Que altruísmo existe quando este é praticado à custa do esforço de terceiros?

A responsabilidade – não perante um superior, mas perante a própria consciência – a compreensão de um dever não imposto pela coacção, a necessidade de resolver qual das coisas a que damos valor devemos sacrificar a outra e aceitar as consequências da nossa decisão – eis aí a essência de toda a regra moral digna desse nome.

Todas estas ideias, apresentadas por Hayek (cf. op. cit.) nos anos 40, ganham no nosso contexto particular acuidade.

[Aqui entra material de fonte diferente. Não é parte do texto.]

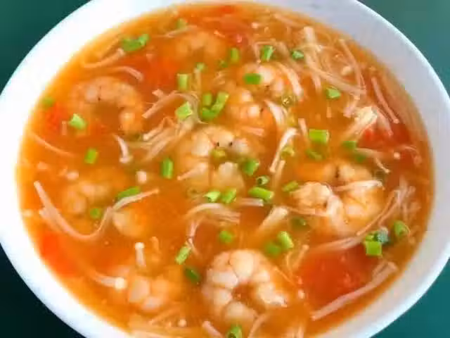 番茄、金針菇、鮮蝦、蔥花、胡椒粉、食用油、料酒、食鹽、雞精、清水
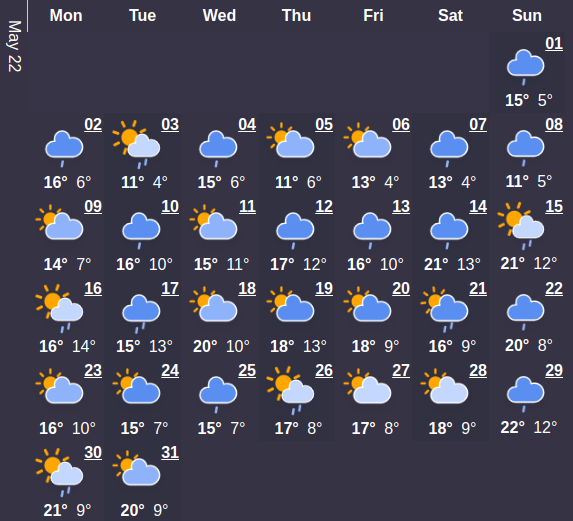 Май в Киеве будет не такой теплый, как прогнозируют в целом по Украине. Средняя температура будет +13 градусов тепла. Холоднее всего будет 3 мая - 4 градуса тепла. А 29 мая день будет самый теплый - ожидается +22. Прогнозируются умеренные осадки с 17 по 22-е число.
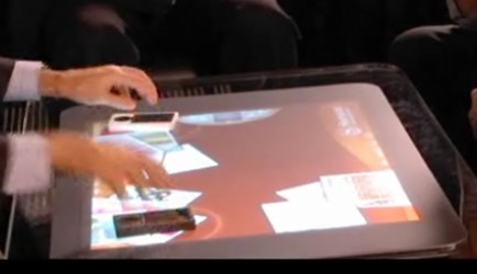 Microsoft table - это детище, насколько я понял, выросло из интерфейса, предложенного Джеферсоном Ханом. Суть проста: есть сенсорный экран (который даже мультисенсорный), есть комп и Bluetooth. Ну и, пожалуй все. Может, есть в/камеры.
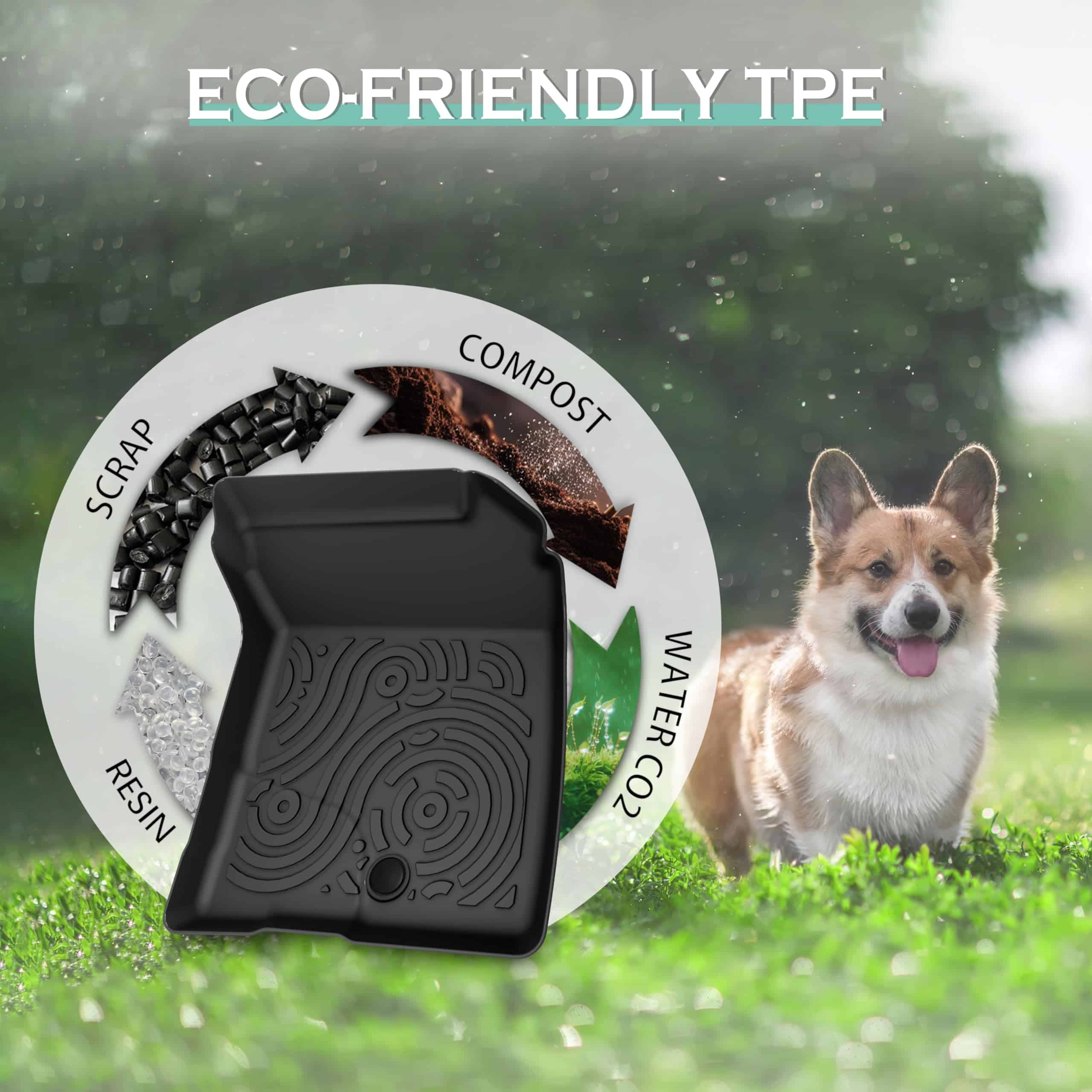2. MATERIAL ECOLÓGICO: Fabricado con material de TPE, nuestros tapetes contribuyen a la sostenibilidad ambiental. El TPE es un elastómero termoplástico reciclable con excelente flexibilidad y resistencia, y los tapetes de piso de caucho tienen un impacto ambiental mínimo.
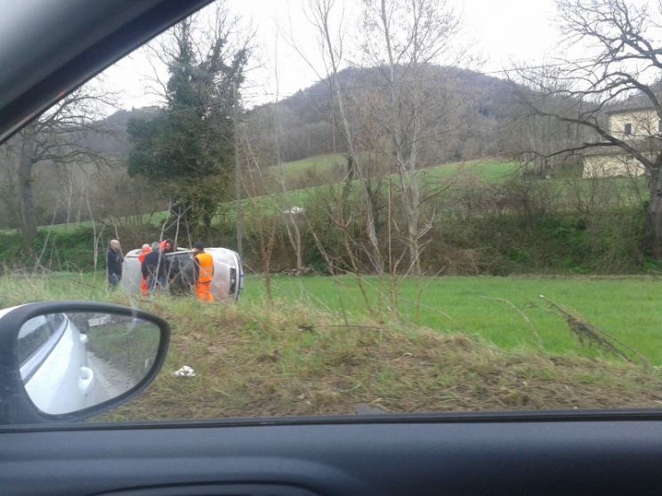 Uno spettacolare incidente stradale, fortunatamente senza particolari conseguenze, si è verificato lungo la strada provinciale Muccese, all'altezza della località San Luca di Camerino. Per cause in corso di accertamento un'auto, condotta da una giovane, è sbandata uscendo di strada e terminando la sua corsa in un campo, dove la vettura è rimasta rovesciata su un fianco. Immediato l'intervento dei soccorsi con i vigili del fuoco che hanno aiutato la giovane, rimasta all'interno dell'abitacolo, ad uscire da un finestrino laterale.

Numa sociedade recheada de meios o que falta é regressar à exigência: mas a uma exigência não imposta, nem assente em mecanismos de coacção. Existem hoje, como nunca, meios materiais, mas vivemos na ausência de uma verdadeira liberdade, que confronte o indivíduo com as suas responsabilidades, e motive o seu espírito de iniciativa.

Ou, como escreve Bento XVI, na sua Deus Caritas Est (28.b):

O amor — caritas — será sempre necessário, mesmo na sociedade mais justa. Não há qualquer ordenamento estatal justo que possa tornar supérfluo o serviço do amor. Quem quer desfazer-se do amor, prepara-se para se desfazer do homem enquanto
homem. Haverá sempre sofrimento que necessita de consolação e ajuda. Haverá sempre solidão. Existirão sempre também situações de necessidade material, para
as quais é indispensável uma ajuda na linha de um amor concreto ao próximo. Um Estado, que queira prover a tudo e tudo açambarque, torna-se no fim de contas uma instância burocrática, que não pode assegurar o essencial de que o homem sofredor — todo o homem — tem necessidade: a amorosa dedicação pessoal. Não precisamos de um Estado que regule e domine tudo, mas de um Estado que generosamente reconheça e apoie, segundo o princípio de subsidiariedade, as iniciativas que nascem das diversas forças sociais e conjugam espontaneidade e proximidade aos homens carecidos de ajuda. A Igreja é uma destas forças vivas: nela pulsa a dinâmica do amor suscitado pelo Espírito de Cristo. Este amor não oferece aos homens apenas uma ajuda material, mas também refrigério e cuidado para a alma — ajuda esta muitas vezes mais necessária que o apoio material. A afirmação de que as estruturas justas tornariam supérfluas as obras de caridade esconde, de facto, uma concepção materialista do homem: o preconceito segundo o qual o homem viveria “só de pão” (Mt 4, 4; cf. Dt 8, 3) — convicção que humilha o homem e ignora precisamente aquilo que é mais especificamente humano.
É este o regresso ao individualismo que me motiva. Que gostava, também, que fosse o vosso.